--- START ---

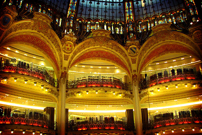 Galeries Lafayette je 10-nadstropna veleblagovnica – nakupovalna hiša sredi Pariza, ki ima korenine v letu 1893. Trgovina sodi ob bok Harrodsu v Londonu, njima pa poskuša “konkurirati” naša galerija Emporium. Raj za petičneže s polnimi denarnicami in ženske brez okusa, ki z denarjem poskušajo “kupovati” okus. Cene v trgovini? Malenkostne – upam, da bom preživel pogled na izpisek za American Express konec meseca!
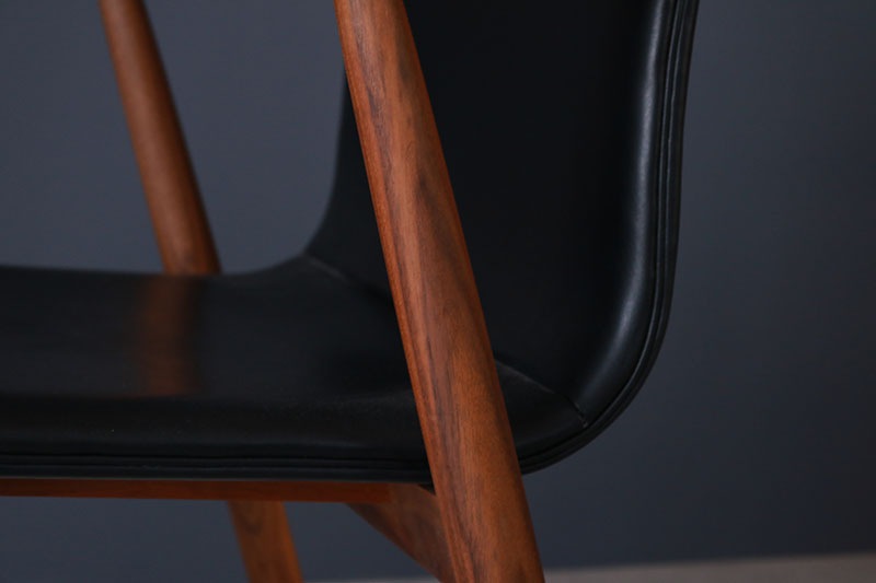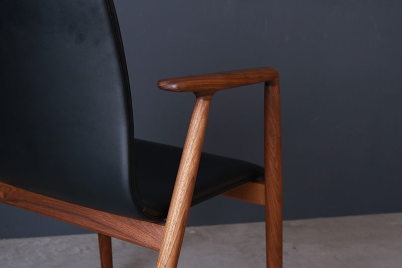 座のどの部分を切ってもまったく同じ断面が存在しない連続したラインが特徴のデザイン。 木部はどこに触れても手に優しく、成形の背の弾力で疲れを感じさせない座り心地です。 ファブリックの違いで驚く程印象が変わります。
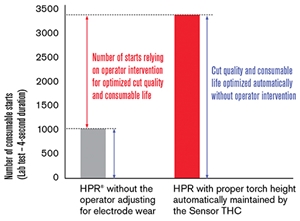 Los controles de altura de la antorcha convencionales exigen a los operadores ajustar periódicamente el voltaje del arco para asegurar la debida altura de corte. Con técnicas de propiedad exclusiva de Hypertherm, el Sensor THC muestrea continuamente el voltaje del arco y lo ajusta automáticamente para lograr la debida altura de antorcha por toda la duración de los consumibles, sin intervención del operador.
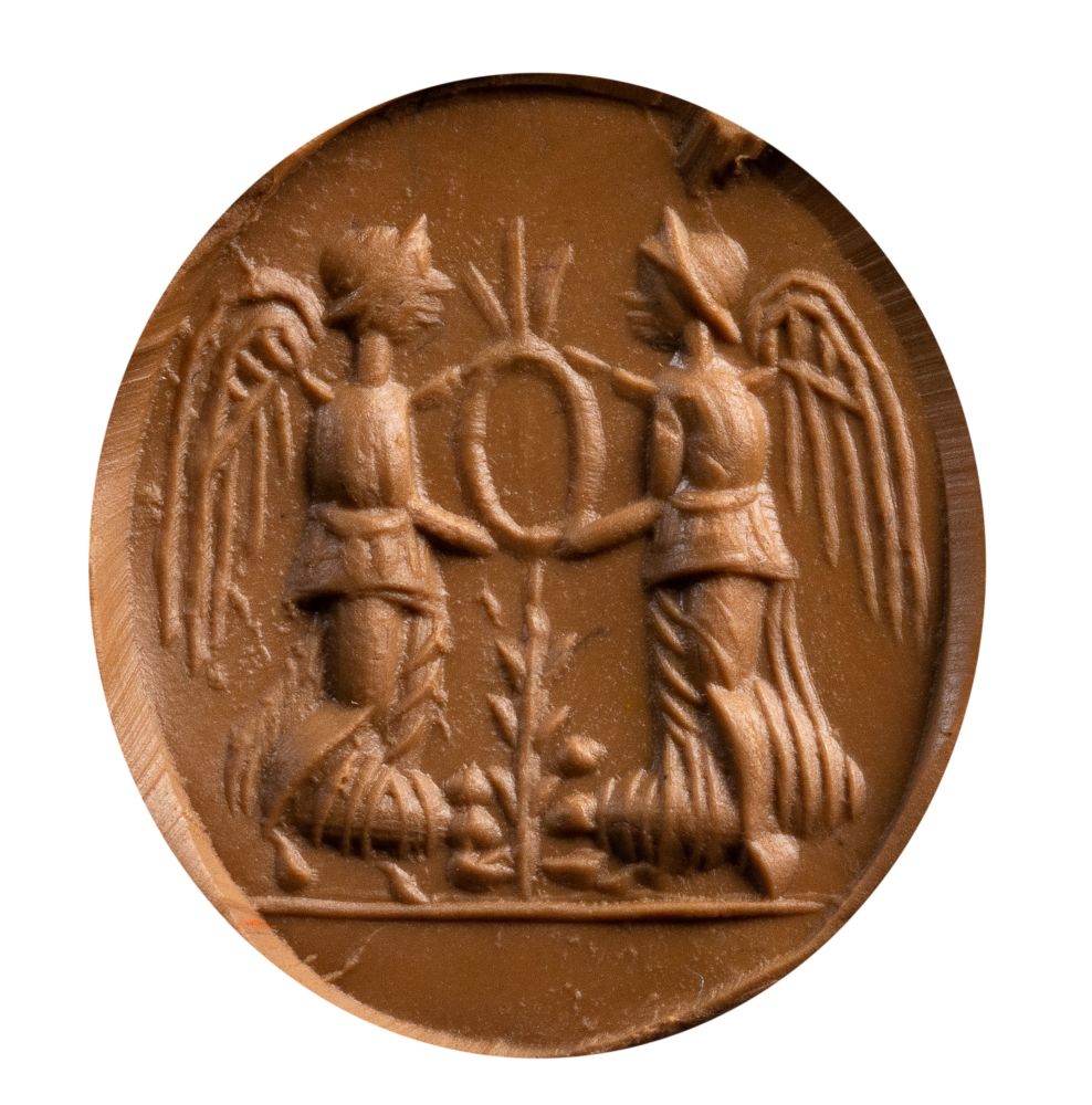A large Late Roman red jasper intaglio. Emblematic scene with two victories. Central symmetrical scene with two winged victories holding up a crown together, a shrub at the bottom. The model derives from the coin reverses of some 3rd century roman issues (for ex. Gordian III, Pisidia, Antioch). Very small chip on the edge. 3rd-4th century A.D. 15 x 18 x 4 mm
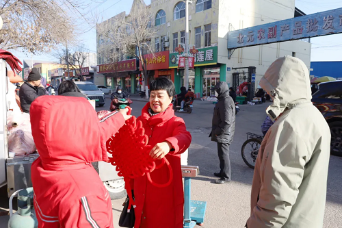 正在購(gòu)置年貨的河曲法院調(diào)解員王永梅在回家路上,正好碰到帶著一家老小置辦年貨的大明。大明女兒毛毛一眼認(rèn)出了王永梅。
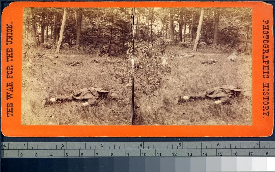 Various views of the Civil War on card mounts, 4.5 x 6 inches. All have labels for the series "Brady's Album Gallery" and are credited to photographers Mathew Brady, Alexander Gardner, or Barnard & Gibson. Subjects: Antietam battlefield and bridge; soldiers digging graves for the dead; Confederate soldiers' dead bodies at their battery; Old Capitol, Washington D. C.; Long Bridge; Christ Church, Alexandria; General McClellan's tent; Yorktown; White House residence of Col. Lee; Cornwallis' Cave; temporary hospitals; Stone Bridge, Bull Run; Mrs. Spinner's House; Quaker Gun, Centreville; Grigsby House; troops drilling at Fort Lyon; soldiers at Manassas.
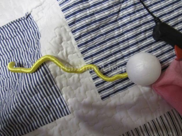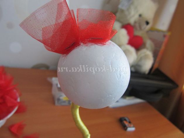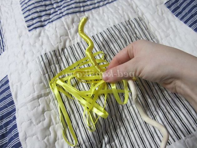 2. Потім обмотаємо корч атласною стрічкою, кінець якої приклеїмо клейовим пістолетом.
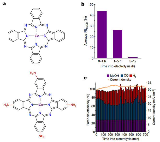 (a)CoPc和CoPc-NH2的分子結(jié)構;(b)CoPc/CNT在-0.94V下反應12個小時的甲醇選擇性變化;(c)CoPc-NH2/CNT在-1.00V下反應12個小時的產(chǎn)物選擇性變化
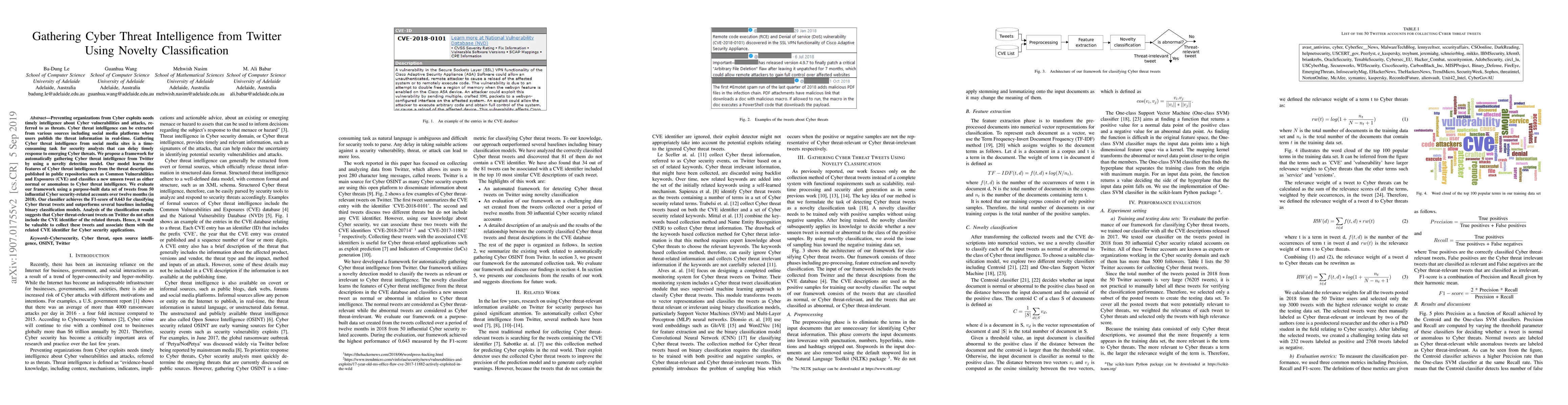 This paper proposes a framework for automatically extracting cyber threat intelligence from Twitter using a novelty detection model. The model classifies tweets as normal or anomalous to cyber threats, achieving an F1-score of 0.643, and outperforms baseline classifiers. The study highlights the importance of associating identified threat tweets with relevant CVE identifiers for better cybersecurity applications.

--- END ---

* Task requirements: An unchanged copy of the listing, with no pictures, should be returned.

* Response to the task:
 Galeries Lafayette je 10-nadstropna veleblagovnica – nakupovalna hiša sredi Pariza, ki ima korenine v letu 1893. Trgovina sodi ob bok Harrodsu v Londonu, njima pa poskuša “konkurirati” naša galerija Emporium. Raj za petičneže s polnimi denarnicami in ženske brez okusa, ki z denarjem poskušajo “kupovati” okus. Cene v trgovini? Malenkostne – upam, da bom preživel pogled na izpisek za American Express konec meseca!
 座のどの部分を切ってもまったく同じ断面が存在しない連続したラインが特徴のデザイン。 木部はどこに触れても手に優しく、成形の背の弾力で疲れを感じさせない座り心地です。 ファブリックの違いで驚く程印象が変わります。
 Los controles de altura de la antorcha convencionales exigen a los operadores ajustar periódicamente el voltaje del arco para asegurar la debida altura de corte. Con técnicas de propiedad exclusiva de Hypertherm, el Sensor THC muestrea continuamente el voltaje del arco y lo ajusta automáticamente para lograr la debida altura de antorcha por toda la duración de los consumibles, sin intervención del operador.
A large Late Roman red jasper intaglio. Emblematic scene with two victories. Central symmetrical scene with two winged victories holding up a crown together, a shrub at the bottom. The model derives from the coin reverses of some 3rd century roman issues (for ex. Gordian III, Pisidia, Antioch). Very small chip on the edge. 3rd-4th century A.D. 15 x 18 x 4 mm
 正在購(gòu)置年貨的河曲法院調(diào)解員王永梅在回家路上,正好碰到帶著一家老小置辦年貨的大明。大明女兒毛毛一眼認(rèn)出了王永梅。
 Various views of the Civil War on card mounts, 4.5 x 6 inches. All have labels for the series "Brady's Album Gallery" and are credited to photographers Mathew Brady, Alexander Gardner, or Barnard & Gibson. Subjects: Antietam battlefield and bridge; soldiers digging graves for the dead; Confederate soldiers' dead bodies at their battery; Old Capitol, Washington D. C.; Long Bridge; Christ Church, Alexandria; General McClellan's tent; Yorktown; White House residence of Col. Lee; Cornwallis' Cave; temporary hospitals; Stone Bridge, Bull Run; Mrs. Spinner's House; Quaker Gun, Centreville; Grigsby House; troops drilling at Fort Lyon; soldiers at Manassas.
 2. Потім обмотаємо корч атласною стрічкою, кінець якої приклеїмо клейовим пістолетом.
 (a)CoPc和CoPc-NH2的分子結(jié)構;(b)CoPc/CNT在-0.94V下反應12個小時的甲醇選擇性變化;(c)CoPc-NH2/CNT在-1.00V下反應12個小時的產(chǎn)物選擇性變化
 This paper proposes a framework for automatically extracting cyber threat intelligence from Twitter using a novelty detection model. The model classifies tweets as normal or anomalous to cyber threats, achieving an F1-score of 0.643, and outperforms baseline classifiers. The study highlights the importance of associating identified threat tweets with relevant CVE identifiers for better cybersecurity applications.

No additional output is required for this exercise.